Harness Layer: Tasks — Persisted goals, recoverable progress.
The Problem
The agent receives a project: set up a database, write APIs, add tests. It uses s05's TodoWrite to create a checklist, then starts writing the API first, gets halfway through and realizes there are no database tables, goes back to fix them; when adding tests, discovers the API interface signatures have changed again...
You can't build the roof before laying the foundation. Tasks have ordering. Task dependencies should form a Directed Acyclic Graph (DAG); the teaching version only demonstrates blockedBy checking, without cycle detection.
s05's TodoWrite is a list. No dependencies, no persistence — when the conversation ends, the list is gone. What you need is a task system: each task is a JSON file, tasks have blockedBy dependencies, and they persist across sessions on disk.
The Solution
Teaching code keeps a basic agent loop, omitting S11's full error recovery (RecoveryState, backoff, escalation, reactive compact, fallback model) to stay focused on the task system. Added: 5 new task tools + .tasks/ directory for persistence + blockedBy dependency checking. The task system and error recovery are independent layers: in CC source, utils/tasks.ts only handles CRUD, while query.ts's with_retry/RecoveryState handles error recovery, with no coupling between them.
TodoWrite vs Task System:
| TodoWrite (s05) | Task System (s12) | |
|---|---|---|
| Storage | In-memory list | .tasks/ JSON files |
| Dependencies | None | blockedBy dependency graph |
| Persistence | Lost when conversation ends | Cross-session |
| Multi-agent | None | owner field |
| Status | checked / unchecked | pending → in_progress → completed |
How It Works
Task: Data Structure
Each task is a JSON file, stored in the .tasks/ directory:
@dataclass
class Task:
id: str
subject: str
description: str
status: str # pending | in_progress | completed
owner: str | None # Agent name (multi-agent scenarios)
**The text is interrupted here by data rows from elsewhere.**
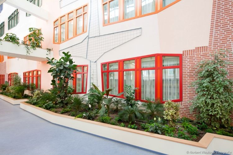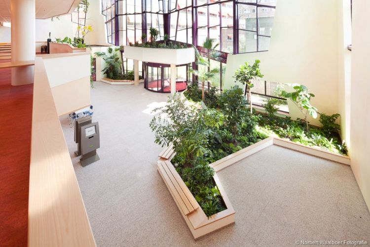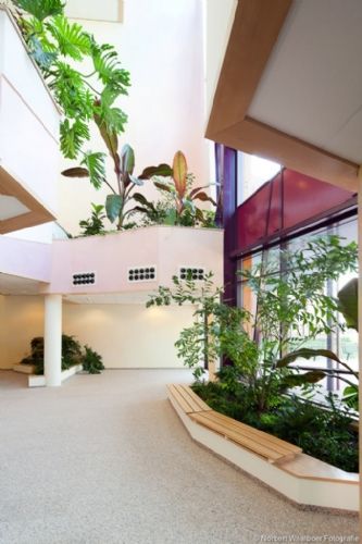 Het nieuwe Isala-ziekenhuis in Zwolle is ontworpen als een beterhuis. Diverse binnentuinen in het ziekenhuis, zogenoemde atria, vormen de overgang tussen de groene weelderige natuur rondom het gebouw en de organische omgeving binnen.
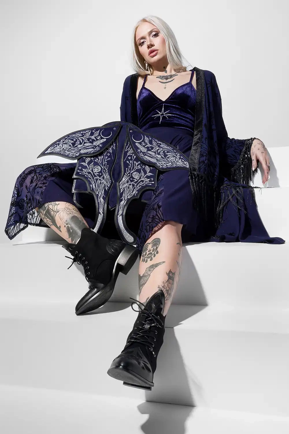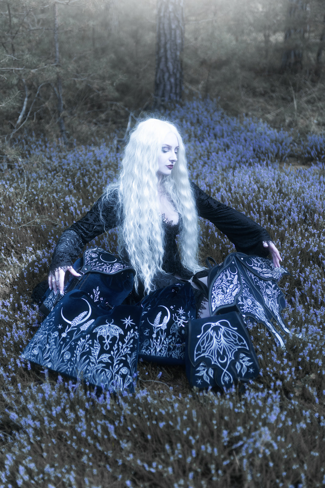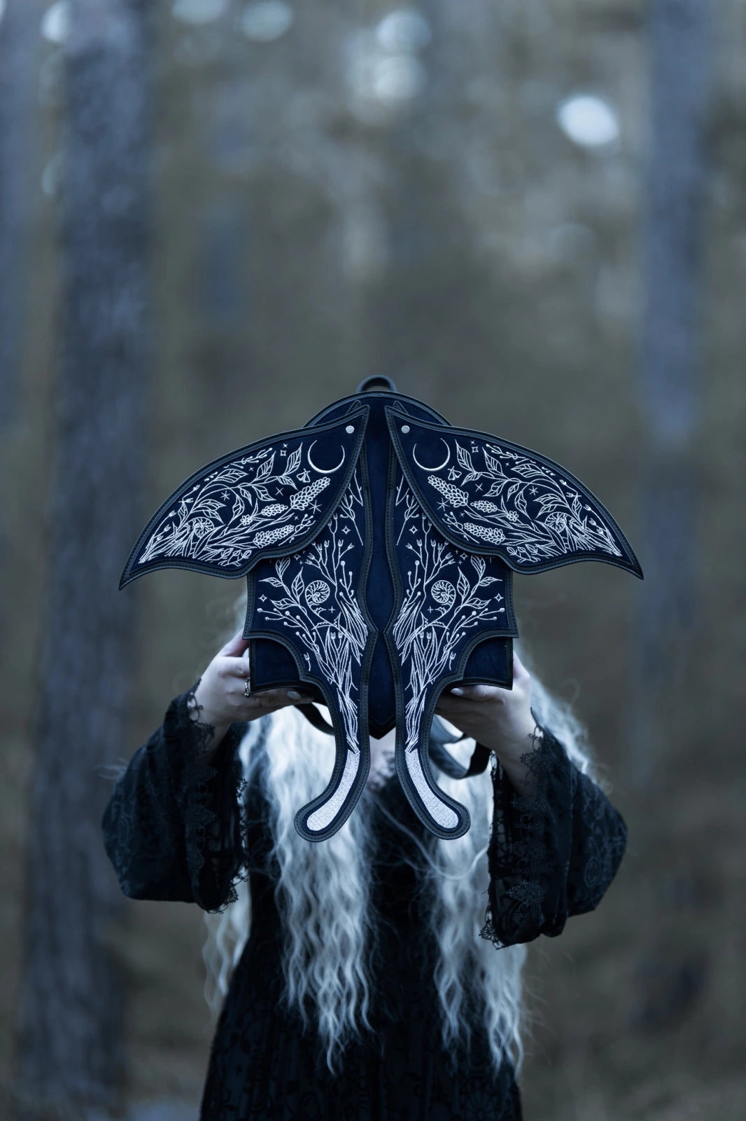ダークブルーのフェイクスエードにシルバー刺繍を施したこのファンタジーバックパックは、ウィムジゴスとダークフェアリーコアの美学を融合。
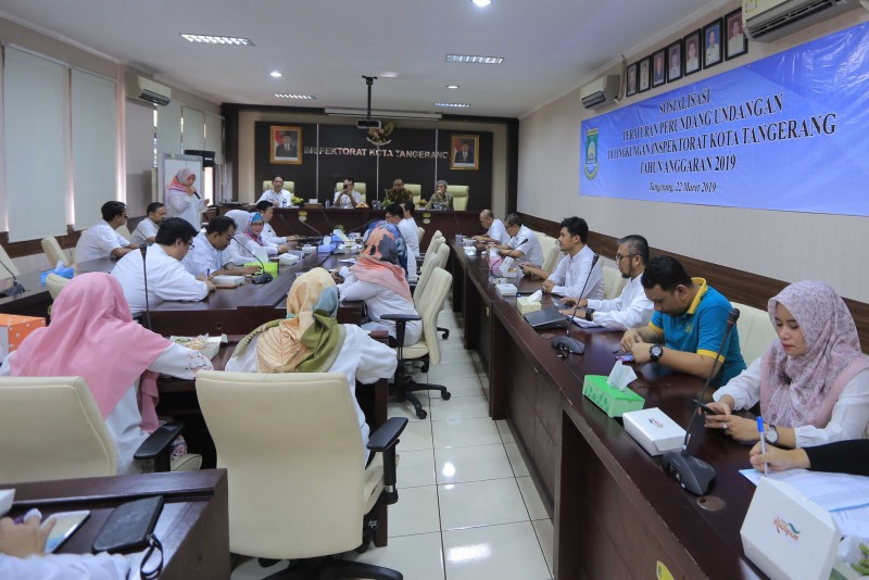 Inspektorat Kota Tangerang, Jumat (22/03), menggelar Sosialisasi Peraturan Perundang-undangan di Aula Kantor Gedung Inspektorat Kota Tangerang. Kegiatan ini bertujuan untuk meningkatkan pengetahuan dan kemampuan para auditor di lingkungan Pemerintah Kota Tangerang.
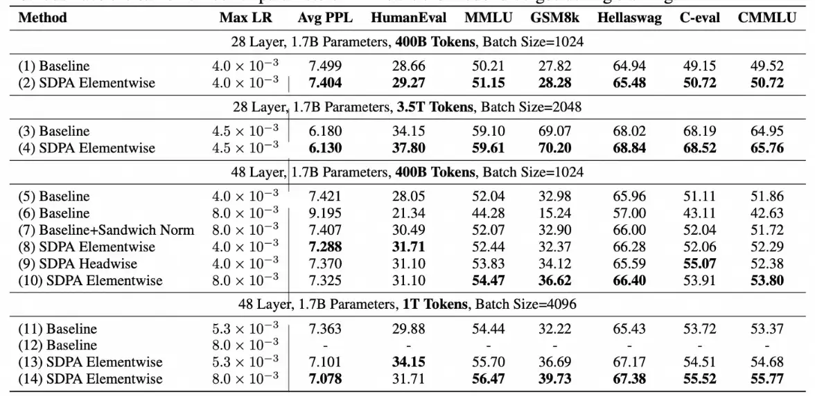 这项突破性研究首次系统揭示了注意力门控机制对大语言模型性能与训练稳定性的影响机制。研究团队通过在1.7B参数稠密模型与15B混合专家模型上进行超过3.5万亿token的大规模训练,并进行了30余组对照实验,不仅验证了门控注意力在提升模型性能方面的显著效果,还成功应用于新一代Qwen3-Next模型,显著提升了模型的推理能力与鲁棒性。
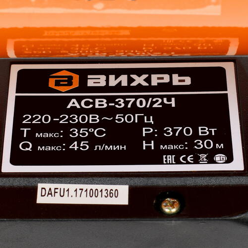 Станция Вихрь АСВ-370/2Ч оснащена вихревым насосом, действующим с мощностью 370 Вт. Оборудование обладает производительностью, равной 45 л/мин, и пропускной способностью, достигающей 2.7 м3/час. Допускается взаимодействие с водой при температуре, не превышающей 35 градусов. Безопасность и надежность эксплуатации обеспечивается благодаря защите механизма от перегрева.
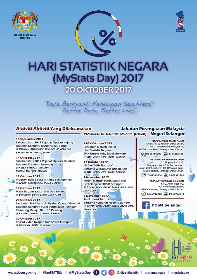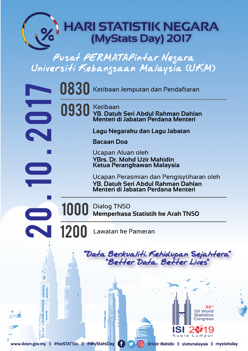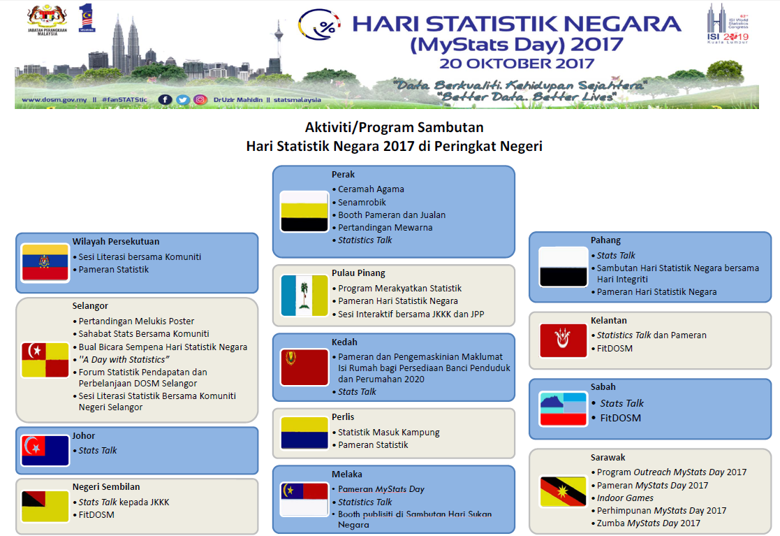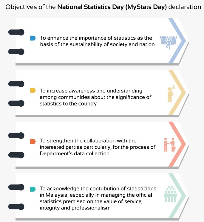 National Statistical Office (NSO) or official statistics agency for every country in the world always provided comprehensive information towards the development of their respective countries. Provided statistics can give the best direction in measuring the country progress, especially to policymakers, for instance, in monitoring Sustainable Development Goals (SDGs) indicators at national, regional and international levels. As a matter of fact, the 64th United Nations General Assembly (UNGA) has declared the World Statistics Day to be celebrated on 20 October 2010. The objective of this celebration is to glimpse through the history of world’s official statistic development and the role of the United Nations Statistical Commission (UNSC) since its establishment in 1947. World Statistics Day has been celebrated in 103 countries including Malaysia. Subsequently, the 69th UNGA has set the 2nd World Statistics Day on 20 October 2015 and will celebrate every five years on 20 October. Accordance with UNGA's resolution, World Statistics Day celebration in Malaysia has been celebrated since 2010 by organizing activities that involved various levels of community. Declaration of National Statistics Day will celebrate annually in tandem with the celebration at global, regional as well as other countries. Several countries also held the celebration of the National Statistics Day every year such as the Republic of Slovenia (24 January), India (29 June), Qatar (12 October), the European Union (20 October), Bermuda (October) and Africa (18 November). Meanwhile, Philippines held a National Statistics Month celebration in October each year. Various programmes have been prepared with the involvement of international and local stakeholders.
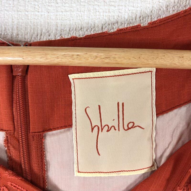 シビラ Sybillar ワンピース ノースリーブ 紐ベルト付き オレンジ系 Mサイズ 878772
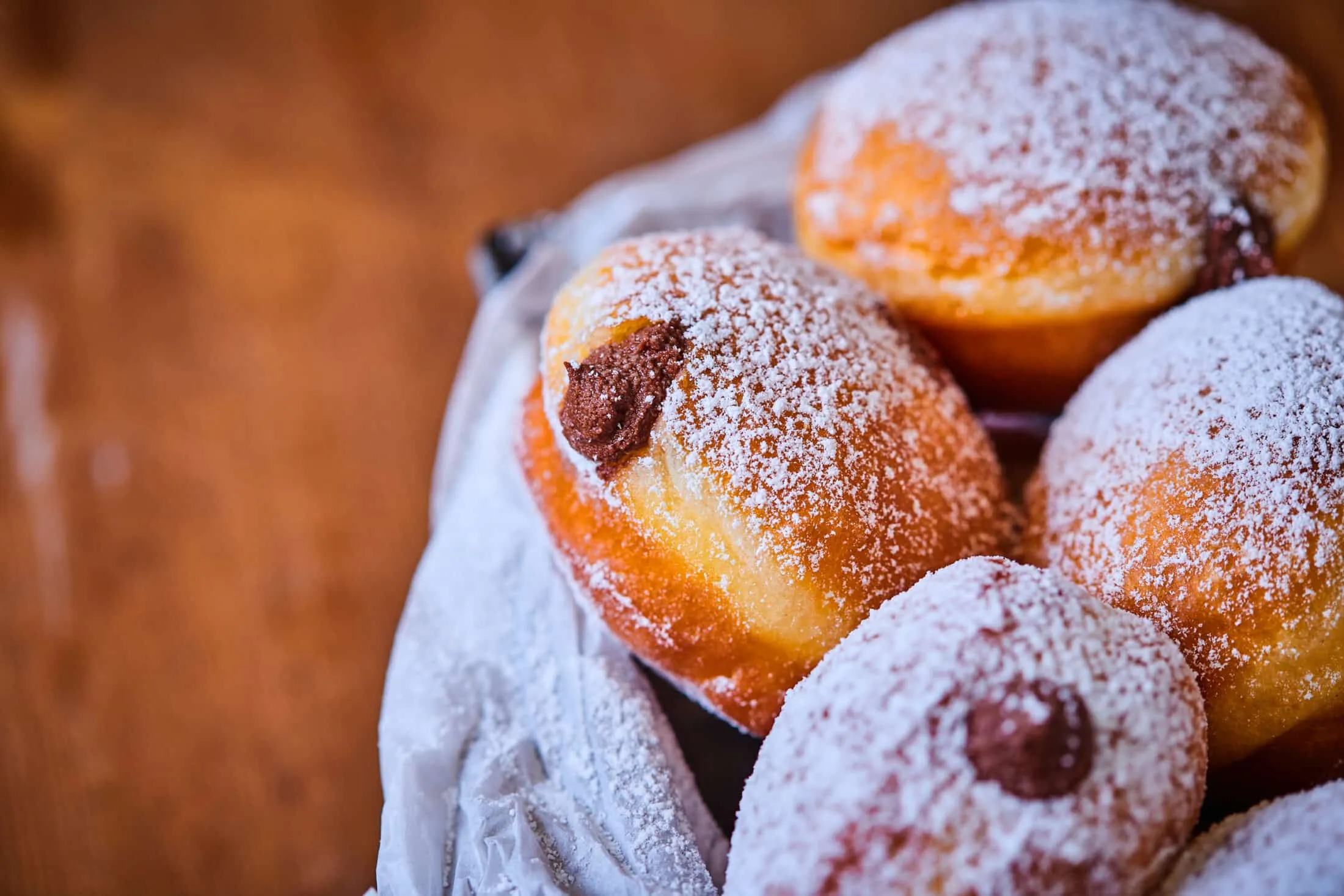 Letakarjuk a fánkokat, és hagyjuk 20 percig pihenni. Ezután forró, 170 fokos olajban, fedővel letakarva 1-2 perc alatt aranybarnára sütjük az egyik oldalukat, majd megfordítjuk, és a másik oldalukkal is így teszünk, de már fedő nélkül.

blockedBy: list[str] # List of dependency task IDs
IDs are generated with timestamp + random hex, simple but sufficient. CC uses sequential IDs + a highwatermark file to prevent ID reuse, which is a more rigorous design.
create_task: Create Tasks
def create_task(subject: str, description: str = "",
blockedBy: list[str] | None = None) -> Task:
task = Task(
id=f"task_{int(time.time())}_{random_hex(4)}",
subject=subject, description=description,
status="pending", owner=None,
blockedBy=blockedBy or [],
)
save_task(task)
return task
Automatically calls save_task on creation to write .tasks/{id}.json. blockedBy declares dependencies, for example "write API" has blockedBy: ["task_schema"].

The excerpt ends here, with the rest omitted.